→ **Task to complete**
In the entries below, find the line with "駅から見えるくらいアクセスは" and the line with "Fotobehang Wit wervelend". Repeat exactly everything between them, those two lines included, but not the pictures.

→ **Records**
-.-.-

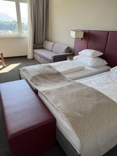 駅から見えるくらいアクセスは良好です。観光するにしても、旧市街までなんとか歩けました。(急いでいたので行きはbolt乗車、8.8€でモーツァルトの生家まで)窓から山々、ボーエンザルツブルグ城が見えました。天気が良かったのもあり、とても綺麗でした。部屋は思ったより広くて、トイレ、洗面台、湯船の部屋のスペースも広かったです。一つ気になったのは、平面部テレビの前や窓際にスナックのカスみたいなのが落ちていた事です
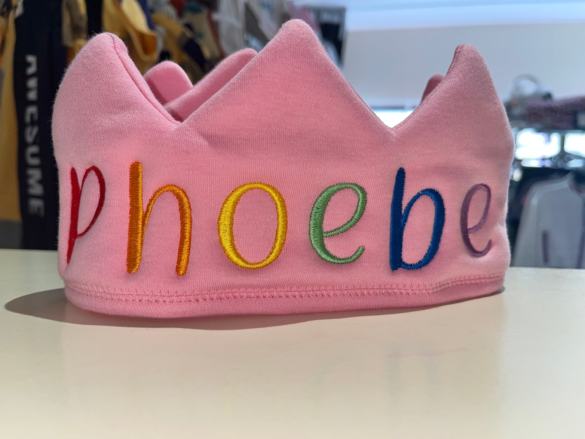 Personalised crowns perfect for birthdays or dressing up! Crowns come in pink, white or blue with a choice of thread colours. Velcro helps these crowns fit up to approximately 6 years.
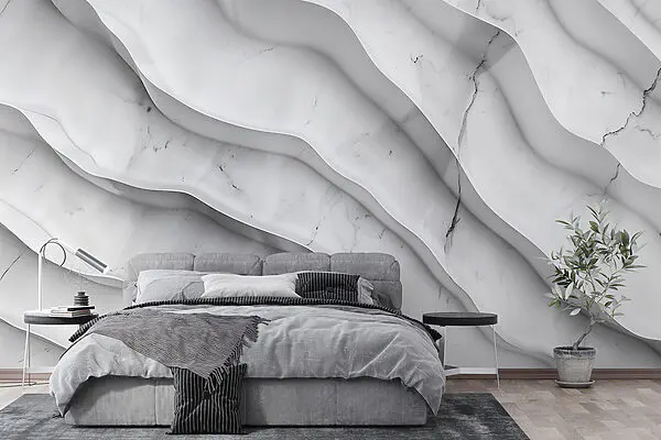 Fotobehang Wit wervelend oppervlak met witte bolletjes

-.-.-

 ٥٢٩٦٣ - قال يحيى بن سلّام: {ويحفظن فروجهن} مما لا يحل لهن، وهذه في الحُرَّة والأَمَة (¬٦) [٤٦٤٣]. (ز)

-.-.-

→ **Response to the exercise**
 駅から見えるくらいアクセスは良好です。観光するにしても、旧市街までなんとか歩けました。(急いでいたので行きはbolt乗車、8.8€でモーツァルトの生家まで)窓から山々、ボーエンザルツブルグ城が見えました。天気が良かったのもあり、とても綺麗でした。部屋は思ったより広くて、トイレ、洗面台、湯船の部屋のスペースも広かったです。一つ気になったのは、平面部テレビの前や窓際にスナックのカスみたいなのが落ちていた事です
 Personalised crowns perfect for birthdays or dressing up! Crowns come in pink, white or blue with a choice of thread colours. Velcro helps these crowns fit up to approximately 6 years.
 Fotobehang Wit wervelend oppervlak met witte bolletjes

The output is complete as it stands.